[Start of section]

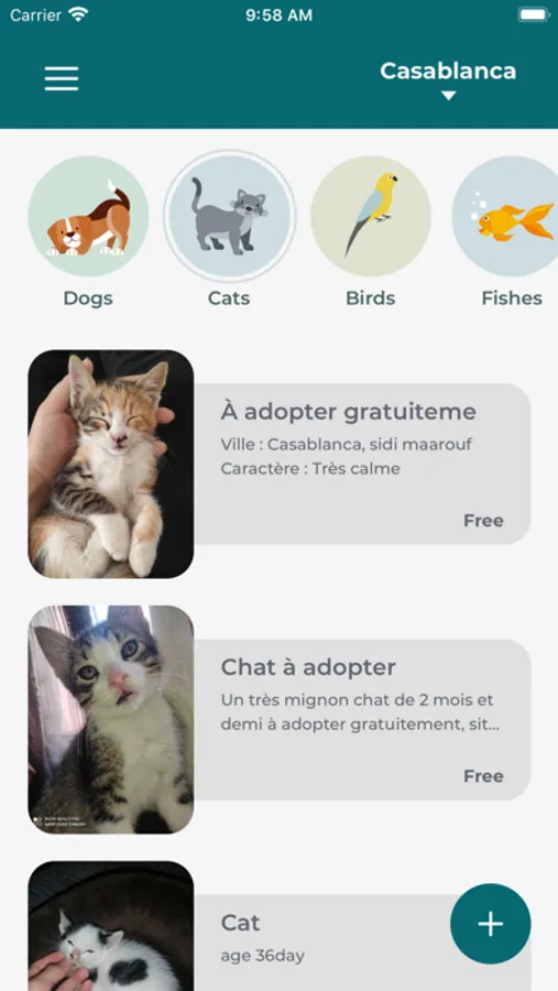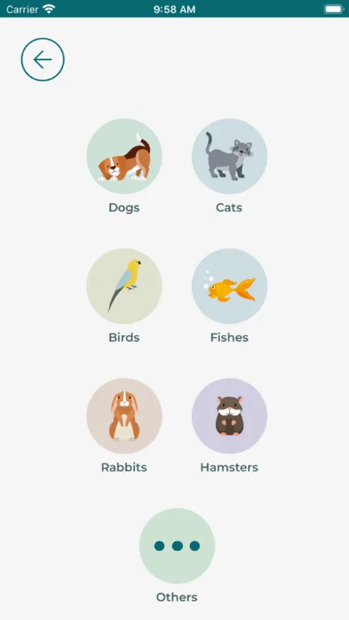 • You can find many pet types for adoption: Dogs, Cats, Birds, Hamsters, Fishes, Rabbits or you can choose "others" for the pets that are not on the list.
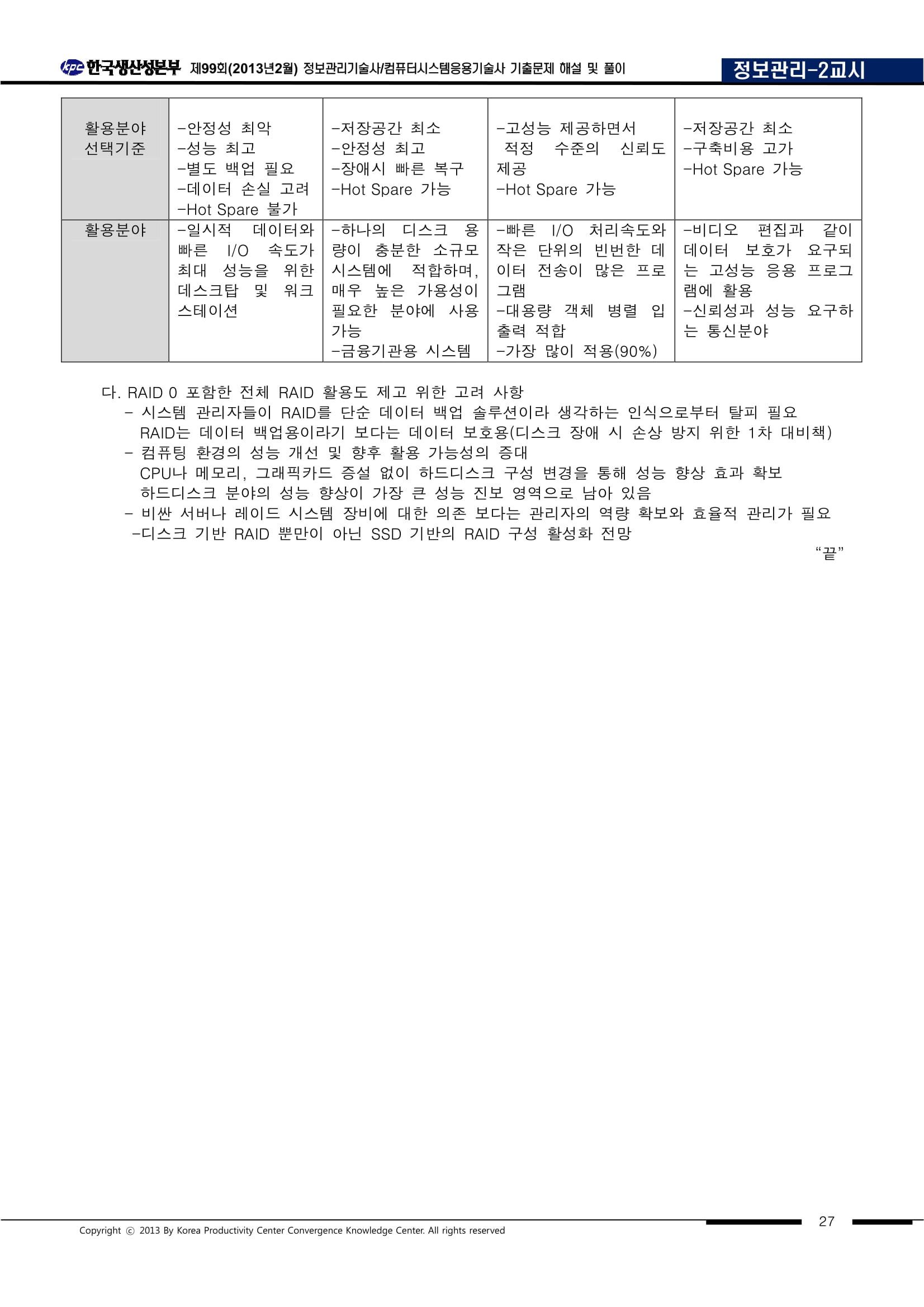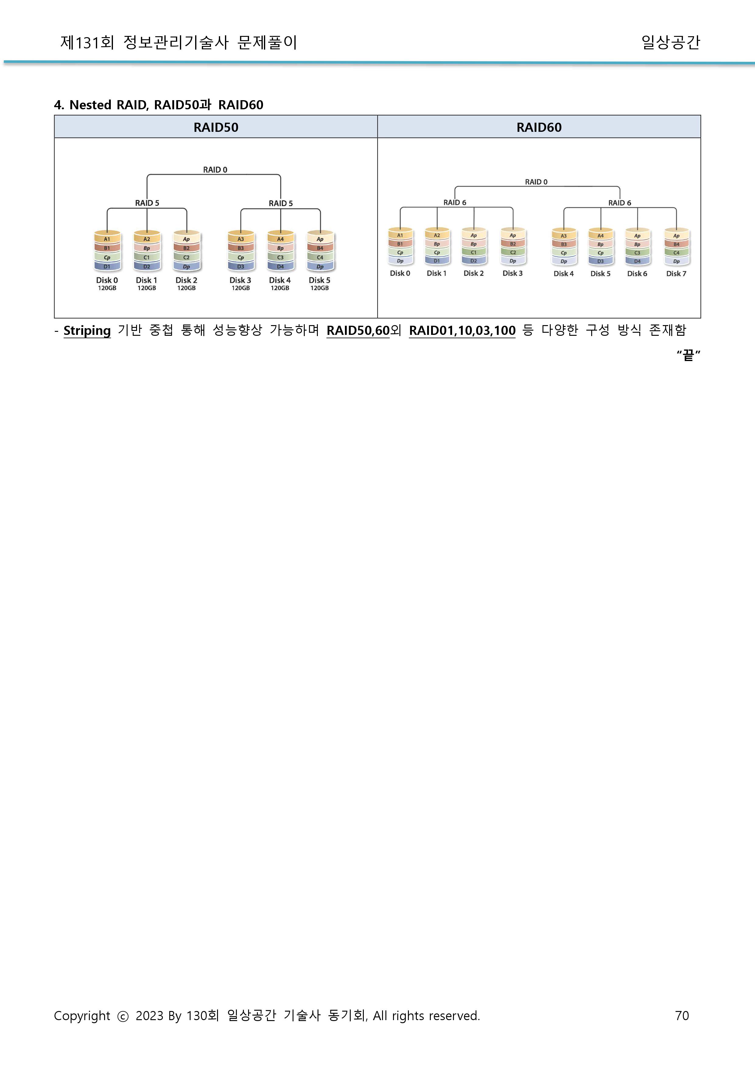 RAID6 - 2차 패리티 정보 삽입. 2개의 하드 문제시 복구가능. RAID5+안정성
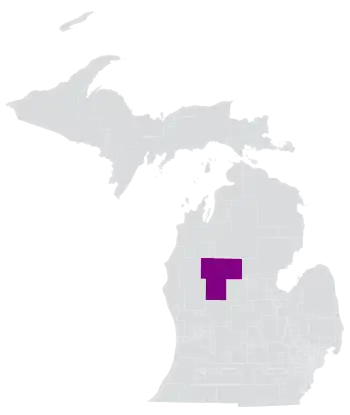 Michigan's 100th House of Representatives district (also referred to as Michigan's 100th House district) is a legislative district within the Michigan House of Representatives located in parts of Clare and Lake counties, as well as all of Mecosta and Osceola counties.[3] The district was created in 1965, when the Michigan House of Representatives district naming scheme changed from a county-based system to a numerical one.[4]
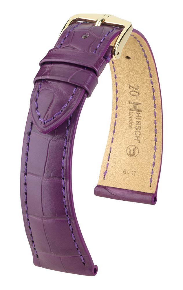 Exkluzivní a luxusní řemínek k hodinkám Hirsch London vyrobený z matně fialové kůže Louisiana aligátora. Charakteristickým znakem tohoto ušlechtilého řemínku je jeho nadčasový design, díky kterému bude jedinečnou ozdobou klasických hodinek. Ručně vybraná, hluboce barvená kůže, ručně kartáčovaná s hedvábným povrchem. Hirsch London je k dispozici v několika verzích nejen v barvách, ale také s použitím různých druhů exotických kůží. Široký výběr velikostí: 14 mm, 16 mm, 17 mm, 18 mm, 19 mm, 20 mm, 21 mm a 22 mm. Všechny řemínky v kolekci London jsou vybaveny dalekohledy Hirsch Quick-Release , namontovanými v řemínku, což umožňuje jeho připevnění k hodinkám bez použití nářadí.
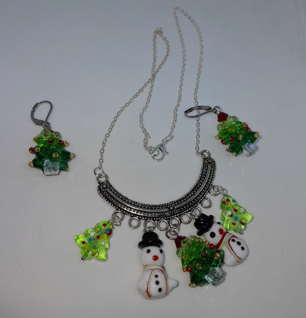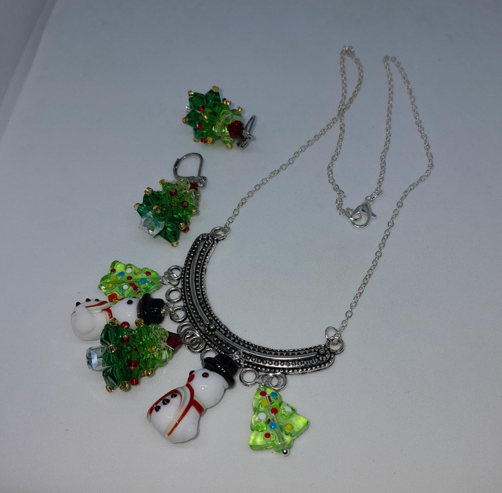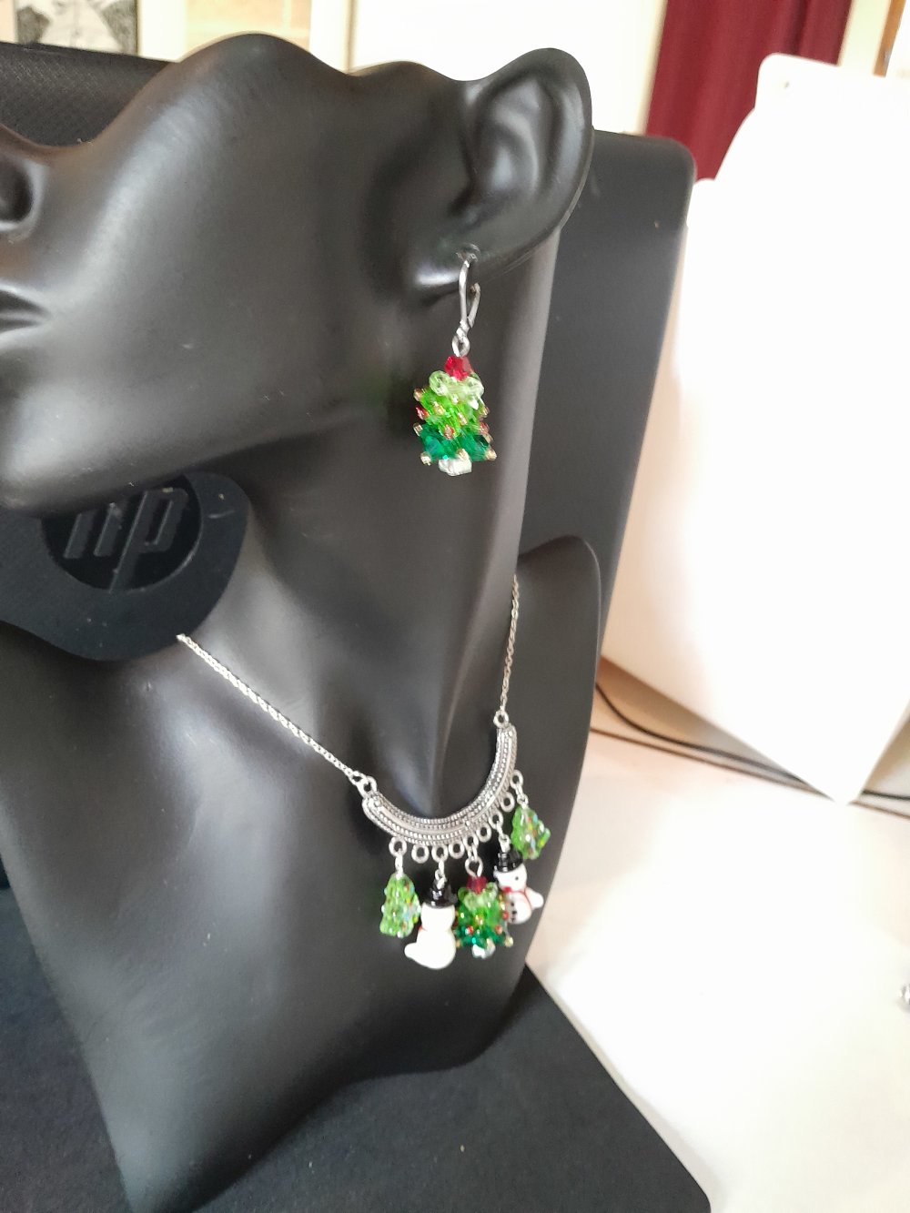 - d'un collier en métal avec des breloques en verre d'environ 2 cm avec sa chaîne de 40 cm
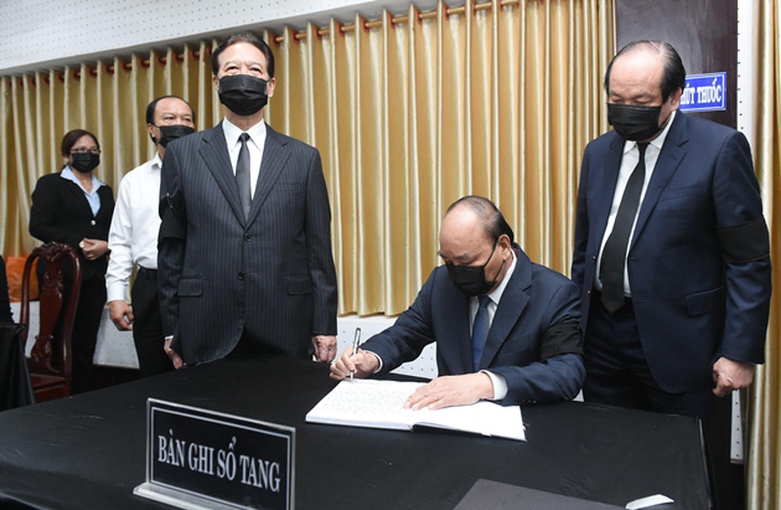 Ghi sổ tang, Thủ tướng Nguyễn Xuân Phúc viết: “Chính phủ, Thủ tướng Chính phủ vô cùng thương tiếc đồng chí Trương Vĩnh Trọng, nguyên Ủy viên Bộ Chính trị, nguyên Phó Thủ tướng Chính phủ. Đồng chí Trương Vĩnh Trọng với hơn 50 năm hoạt động cách mạng và công tác, trải qua nhiều chức vụ, cương vị công tác đã có nhiều cống hiến to lớn cho sự nghiệp cách mạng vẻ vang của Đảng, Nhà nước và nhân dân ta. Thủ tướng Chính phủ Nguyễn Xuân Phúc ghi sổ tang. Ảnh: VGP Đồng chí Trương Vĩnh Trọng, một người con ưu tú của quê hương Bến Tre anh hùng, một tấm lòng nhân hậu, tấm gương sáng về lối sống giản dị, phẩm chất đạo đức cách mạng cao quý, cần kiệm liêm chính, chí công vô tư, luôn trăn trở và hành động quyết liệt vì lợi ích của Đảng, của đất nước và nhân dân. Đồng chí Trương Vĩnh Trọng mất đi là một tổn thất đối với Đảng, Nhà nước, để lại niềm tiếc thương sâu sắc đối với tất cả chúng ta. Thay mặt Chính phủ, tôi xin gửi đến gia quyến đồng chí Trương Vĩnh Trọng lời chia buồn sâu sắc nhất. Xin vĩnh biệt đồng chí Trương Vĩnh Trọng, anh Hai Nghĩa kính mến”.
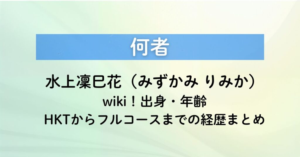 HKT48として活躍していた、水上凜巳花(みずかみ りみか)さん。 気になるのは、 「どんな人?」「出身や年齢は?」「HKT48のあと、今は何してるの?」 といったところかもしれません。 この記事では、水上凜巳花さんのプロフィールや経歴をHKT48時代、フ... -
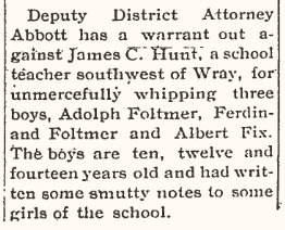 March 11, 1948 "Mr. and Mrs. Vic Foltmer and family have moved from the farm north of Eckley to a place north of Yuma."
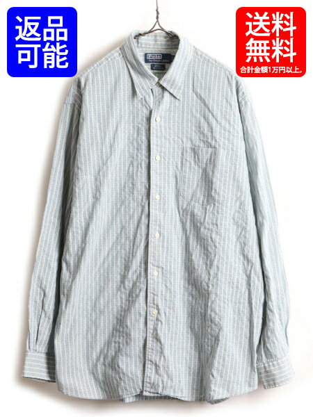 90's オールド ■ POLO ポロ ラルフローレン 織り ストライプ 総柄 コットン 長袖 シャツ ( 男性 メンズ L ) 古着 長袖シャツ 薄青 90年代| 【USA古着】中古 RALPH LAUREN 90年代 コットンシャツ トップス ライト ブルー MERRIN ストライプシャツ 柄シャツ トップス
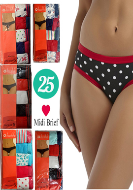 Hushh-Women's Cotton Midi Brief Wholesale Lot of 25 is available in multi color. 25 Midi Brief  Panties are available in the box.
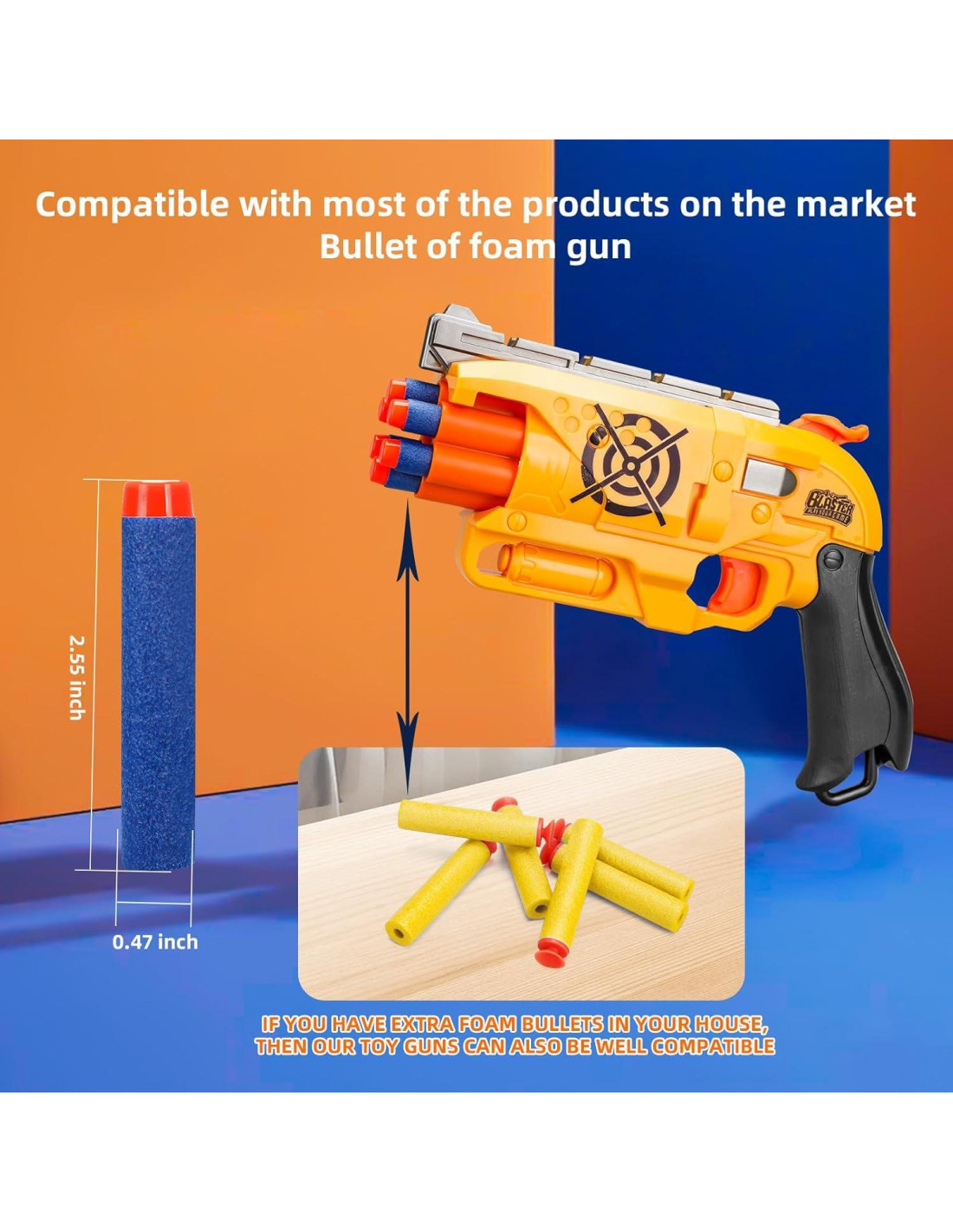 - [El Conjunto de Pistolas Blaster Más Nuevo] ¿Listo para la diversión de los juegos de pistolas que cobran vida? ¡Mira nuestra última serie de pistolas blaster! Nuestro conjunto de pistolas de juguete contiene 2 grandes pistolas blaster, 80 dardos de espuma suave elite, 2 objetivos y 2 bandas para la muñeca para almacenar los dardos. En comparación con otros productos existentes en el mercado, nuestro conjunto de pistolas crea más posibilidades de diversión para que los niños disfruten de los momentos divertidos de jugar a la pistola con sus amigos.
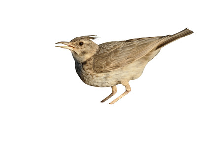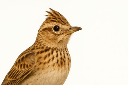 Japanese skylark head and chest portrait on white background three quarter view with bright eye and crest forward for bird and nature themes
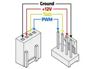 Сначала проверьте полярность проводки оригинального вентилятора. В данном случае: красный = 12В, жёлтый = масса, чёрный = тахометр
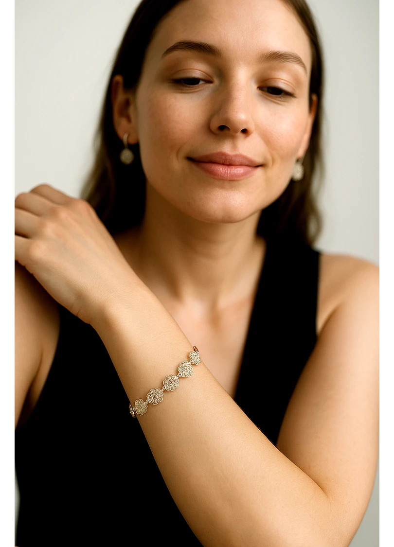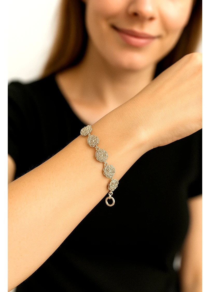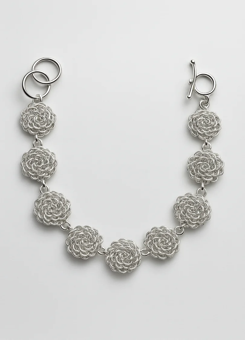 Handwoven Pure Silver Thread Bracelet with Circular ShapesThis elegant bracelet is meticulously handcrafted with pure silver threads, woven into delicate circular shapes. The smooth, fluid design creates a timeless and sophisticated piece, perfect for adding a subtle yet refined touch to any look.
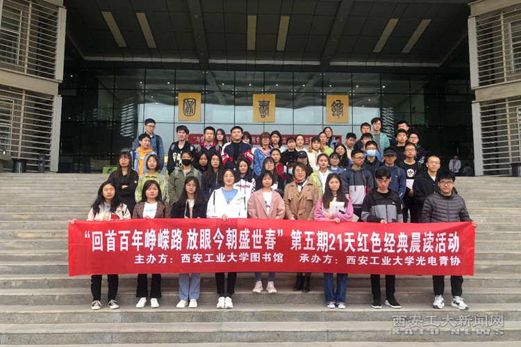 (本網訊)百年奮斗路,啟航新征程。為慶祝中國共產黨百年華誕,積極開展黨史學習教育,4月6日“回首百年崢嶸路 放眼今朝盛世春”第五期21天紅色經典主題晨讀活動在圖書館門前正式啟動,此次晨讀活動由圖書館主辦,光電青協承辦,約50多名學生參加。

[End of section]

■ Exercise objective
Could you output the listing word for word, omitting every picture?

■ Your solution
 • You can find many pet types for adoption: Dogs, Cats, Birds, Hamsters, Fishes, Rabbits or you can choose "others" for the pets that are not on the list.
 RAID6 - 2차 패리티 정보 삽입. 2개의 하드 문제시 복구가능. RAID5+안정성
 Michigan's 100th House of Representatives district (also referred to as Michigan's 100th House district) is a legislative district within the Michigan House of Representatives located in parts of Clare and Lake counties, as well as all of Mecosta and Osceola counties.[3] The district was created in 1965, when the Michigan House of Representatives district naming scheme changed from a county-based system to a numerical one.[4]
 Exkluzivní a luxusní řemínek k hodinkám Hirsch London vyrobený z matně fialové kůže Louisiana aligátora. Charakteristickým znakem tohoto ušlechtilého řemínku je jeho nadčasový design, díky kterému bude jedinečnou ozdobou klasických hodinek. Ručně vybraná, hluboce barvená kůže, ručně kartáčovaná s hedvábným povrchem. Hirsch London je k dispozici v několika verzích nejen v barvách, ale také s použitím různých druhů exotických kůží. Široký výběr velikostí: 14 mm, 16 mm, 17 mm, 18 mm, 19 mm, 20 mm, 21 mm a 22 mm. Všechny řemínky v kolekci London jsou vybaveny dalekohledy Hirsch Quick-Release , namontovanými v řemínku, což umožňuje jeho připevnění k hodinkám bez použití nářadí.
 - d'un collier en métal avec des breloques en verre d'environ 2 cm avec sa chaîne de 40 cm
 Ghi sổ tang, Thủ tướng Nguyễn Xuân Phúc viết: “Chính phủ, Thủ tướng Chính phủ vô cùng thương tiếc đồng chí Trương Vĩnh Trọng, nguyên Ủy viên Bộ Chính trị, nguyên Phó Thủ tướng Chính phủ. Đồng chí Trương Vĩnh Trọng với hơn 50 năm hoạt động cách mạng và công tác, trải qua nhiều chức vụ, cương vị công tác đã có nhiều cống hiến to lớn cho sự nghiệp cách mạng vẻ vang của Đảng, Nhà nước và nhân dân ta. Thủ tướng Chính phủ Nguyễn Xuân Phúc ghi sổ tang. Ảnh: VGP Đồng chí Trương Vĩnh Trọng, một người con ưu tú của quê hương Bến Tre anh hùng, một tấm lòng nhân hậu, tấm gương sáng về lối sống giản dị, phẩm chất đạo đức cách mạng cao quý, cần kiệm liêm chính, chí công vô tư, luôn trăn trở và hành động quyết liệt vì lợi ích của Đảng, của đất nước và nhân dân. Đồng chí Trương Vĩnh Trọng mất đi là một tổn thất đối với Đảng, Nhà nước, để lại niềm tiếc thương sâu sắc đối với tất cả chúng ta. Thay mặt Chính phủ, tôi xin gửi đến gia quyến đồng chí Trương Vĩnh Trọng lời chia buồn sâu sắc nhất. Xin vĩnh biệt đồng chí Trương Vĩnh Trọng, anh Hai Nghĩa kính mến”.
 HKT48として活躍していた、水上凜巳花(みずかみ りみか)さん。 気になるのは、 「どんな人?」「出身や年齢は?」「HKT48のあと、今は何してるの?」 といったところかもしれません。 この記事では、水上凜巳花さんのプロフィールや経歴をHKT48時代、フ... -
 March 11, 1948 "Mr. and Mrs. Vic Foltmer and family have moved from the farm north of Eckley to a place north of Yuma."
 90's オールド ■ POLO ポロ ラルフローレン 織り ストライプ 総柄 コットン 長袖 シャツ ( 男性 メンズ L ) 古着 長袖シャツ 薄青 90年代| 【USA古着】中古 RALPH LAUREN 90年代 コットンシャツ トップス ライト ブルー MERRIN ストライプシャツ 柄シャツ トップス
 Hushh-Women's Cotton Midi Brief Wholesale Lot of 25 is available in multi color. 25 Midi Brief  Panties are available in the box.
 - [El Conjunto de Pistolas Blaster Más Nuevo] ¿Listo para la diversión de los juegos de pistolas que cobran vida? ¡Mira nuestra última serie de pistolas blaster! Nuestro conjunto de pistolas de juguete contiene 2 grandes pistolas blaster, 80 dardos de espuma suave elite, 2 objetivos y 2 bandas para la muñeca para almacenar los dardos. En comparación con otros productos existentes en el mercado, nuestro conjunto de pistolas crea más posibilidades de diversión para que los niños disfruten de los momentos divertidos de jugar a la pistola con sus amigos.
 Japanese skylark head and chest portrait on white background three quarter view with bright eye and crest forward for bird and nature themes
 Сначала проверьте полярность проводки оригинального вентилятора. В данном случае: красный = 12В, жёлтый = масса, чёрный = тахометр
 Handwoven Pure Silver Thread Bracelet with Circular ShapesThis elegant bracelet is meticulously handcrafted with pure silver threads, woven into delicate circular shapes. The smooth, fluid design creates a timeless and sophisticated piece, perfect for adding a subtle yet refined touch to any look.
 (本網訊)百年奮斗路,啟航新征程。為慶祝中國共產黨百年華誕,積極開展黨史學習教育,4月6日“回首百年崢嶸路 放眼今朝盛世春”第五期21天紅色經典主題晨讀活動在圖書館門前正式啟動,此次晨讀活動由圖書館主辦,光電青協承辦,約50多名學生參加。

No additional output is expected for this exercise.